### INSTRUCTIONS TO FOLLOW
Among the lines below, output only those between the line holding "Martánek, klient: Walmark, a.s." and the line holding "Vereda de Cañete", inclusive, exactly as written and with no pictures.

### DATA IN THIS EXERCISE
********
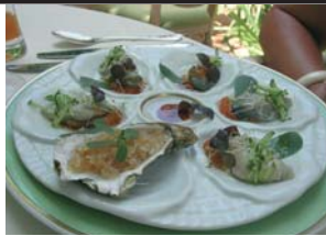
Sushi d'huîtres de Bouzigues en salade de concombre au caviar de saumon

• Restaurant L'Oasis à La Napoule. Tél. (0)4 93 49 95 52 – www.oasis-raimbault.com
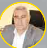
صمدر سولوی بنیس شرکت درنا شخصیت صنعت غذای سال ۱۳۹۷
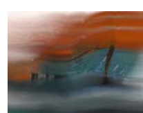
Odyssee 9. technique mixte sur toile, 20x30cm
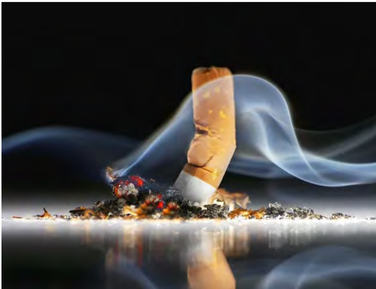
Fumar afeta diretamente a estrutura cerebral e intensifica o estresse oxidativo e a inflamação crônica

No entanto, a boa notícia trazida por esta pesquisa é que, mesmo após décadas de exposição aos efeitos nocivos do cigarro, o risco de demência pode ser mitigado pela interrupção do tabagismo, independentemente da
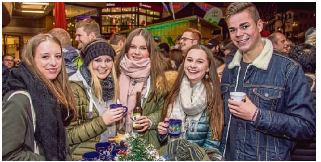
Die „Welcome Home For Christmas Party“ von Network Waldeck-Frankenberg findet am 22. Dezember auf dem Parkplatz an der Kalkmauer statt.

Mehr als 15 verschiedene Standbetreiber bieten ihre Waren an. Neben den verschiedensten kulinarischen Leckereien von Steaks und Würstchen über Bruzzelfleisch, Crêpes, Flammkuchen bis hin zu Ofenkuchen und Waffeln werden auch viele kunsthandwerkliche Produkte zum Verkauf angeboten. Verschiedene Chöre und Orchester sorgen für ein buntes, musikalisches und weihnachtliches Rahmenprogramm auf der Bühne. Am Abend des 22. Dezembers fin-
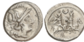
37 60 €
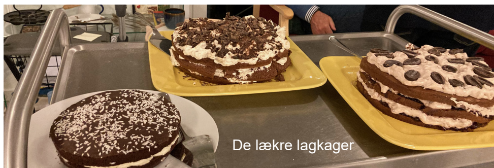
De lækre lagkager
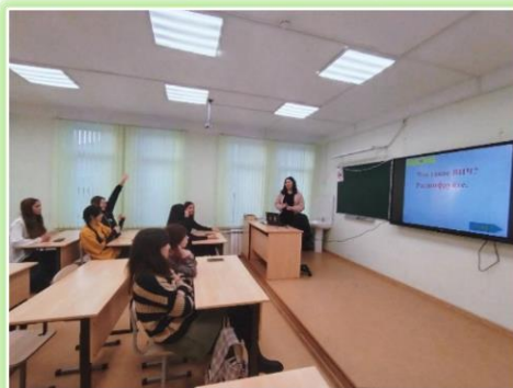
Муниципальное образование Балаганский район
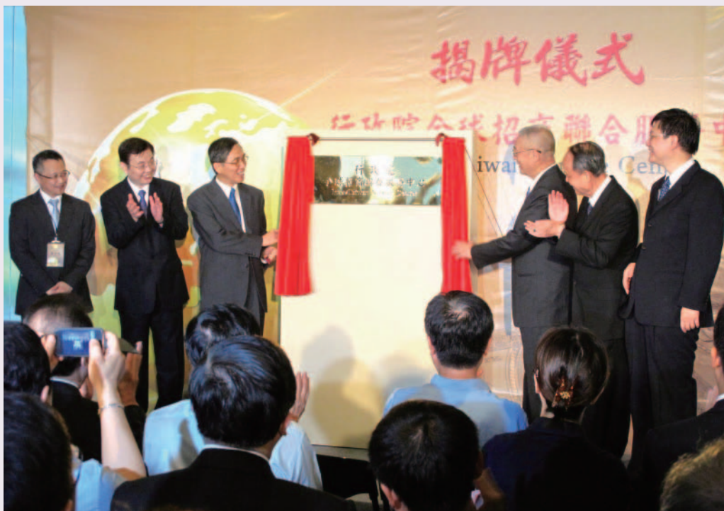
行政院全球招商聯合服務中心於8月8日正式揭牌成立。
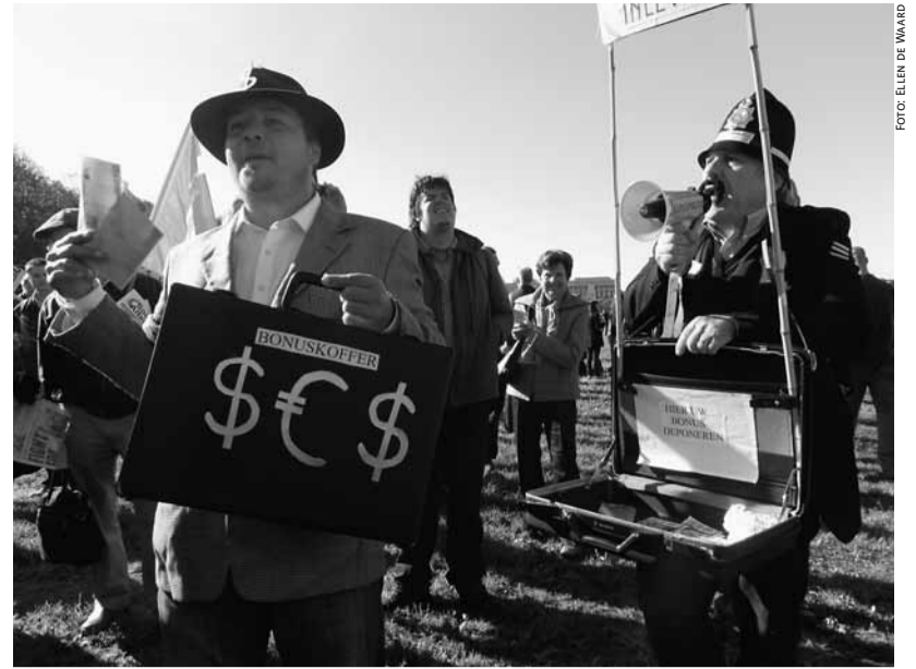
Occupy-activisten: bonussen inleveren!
********
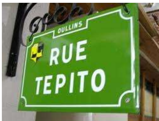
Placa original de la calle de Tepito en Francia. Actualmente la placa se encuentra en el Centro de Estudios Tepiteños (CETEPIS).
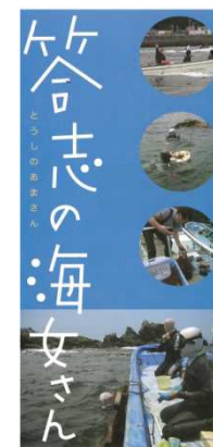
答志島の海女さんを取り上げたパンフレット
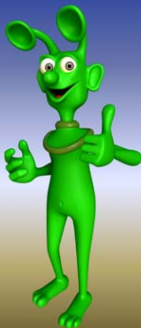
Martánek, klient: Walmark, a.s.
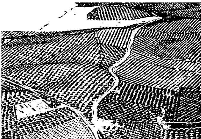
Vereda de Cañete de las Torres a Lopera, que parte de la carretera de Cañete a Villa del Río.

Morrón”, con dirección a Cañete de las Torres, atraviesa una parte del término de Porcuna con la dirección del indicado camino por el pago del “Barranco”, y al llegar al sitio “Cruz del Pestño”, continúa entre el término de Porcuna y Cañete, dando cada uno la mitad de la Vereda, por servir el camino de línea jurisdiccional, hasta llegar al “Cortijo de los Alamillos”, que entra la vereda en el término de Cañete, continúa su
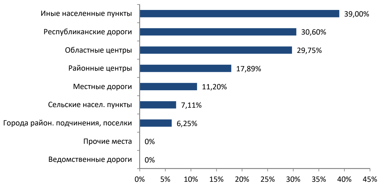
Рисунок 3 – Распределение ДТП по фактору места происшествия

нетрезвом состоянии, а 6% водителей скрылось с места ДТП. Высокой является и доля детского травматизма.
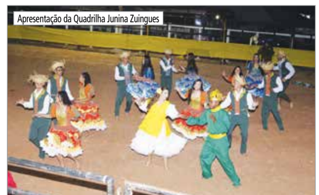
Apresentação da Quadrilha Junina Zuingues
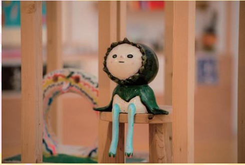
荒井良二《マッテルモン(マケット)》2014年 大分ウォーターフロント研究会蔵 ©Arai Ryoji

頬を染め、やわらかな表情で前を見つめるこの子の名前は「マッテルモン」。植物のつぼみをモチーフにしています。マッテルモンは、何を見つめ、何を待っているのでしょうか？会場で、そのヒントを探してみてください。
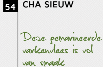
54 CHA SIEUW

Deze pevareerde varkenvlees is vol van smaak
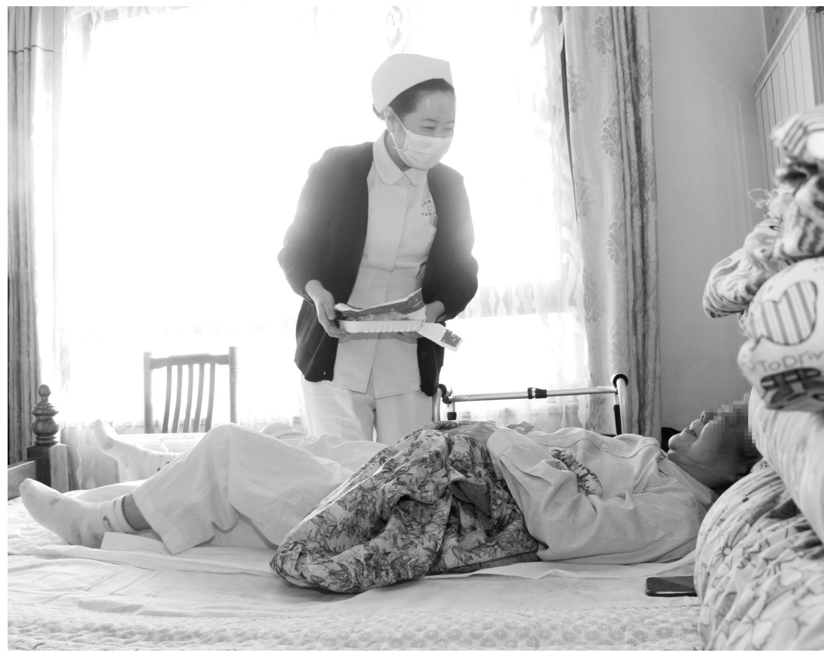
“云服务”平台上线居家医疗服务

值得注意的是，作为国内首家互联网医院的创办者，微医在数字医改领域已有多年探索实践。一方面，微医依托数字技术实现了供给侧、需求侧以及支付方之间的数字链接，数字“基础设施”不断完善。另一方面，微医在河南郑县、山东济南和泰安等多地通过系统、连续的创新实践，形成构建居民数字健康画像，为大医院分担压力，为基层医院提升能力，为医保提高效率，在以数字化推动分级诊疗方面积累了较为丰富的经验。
********
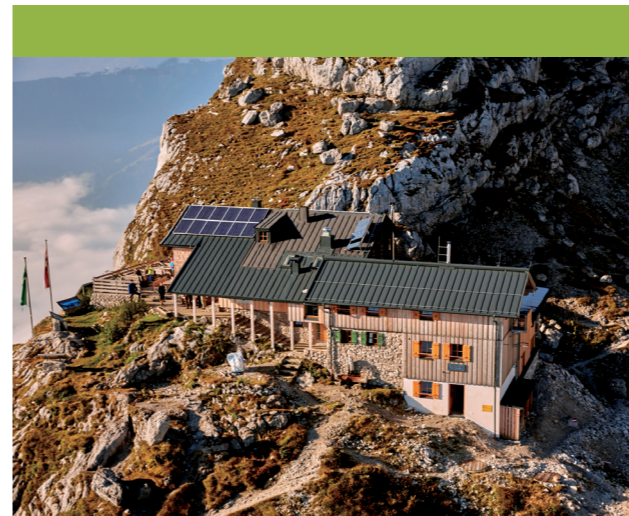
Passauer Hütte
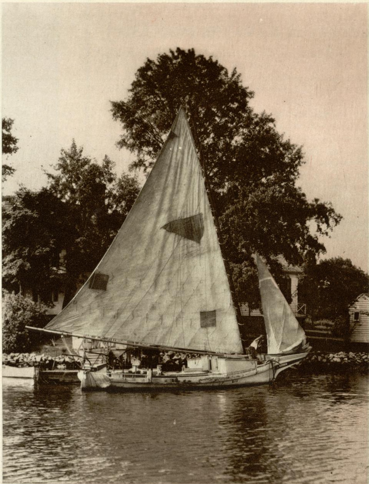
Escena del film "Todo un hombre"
********
### ANSWER BOX
Martánek, klient: Walmark, a.s.
Vereda de Cañete de las Torres a Lopera, que parte de la carretera de Cañete a Villa del Río.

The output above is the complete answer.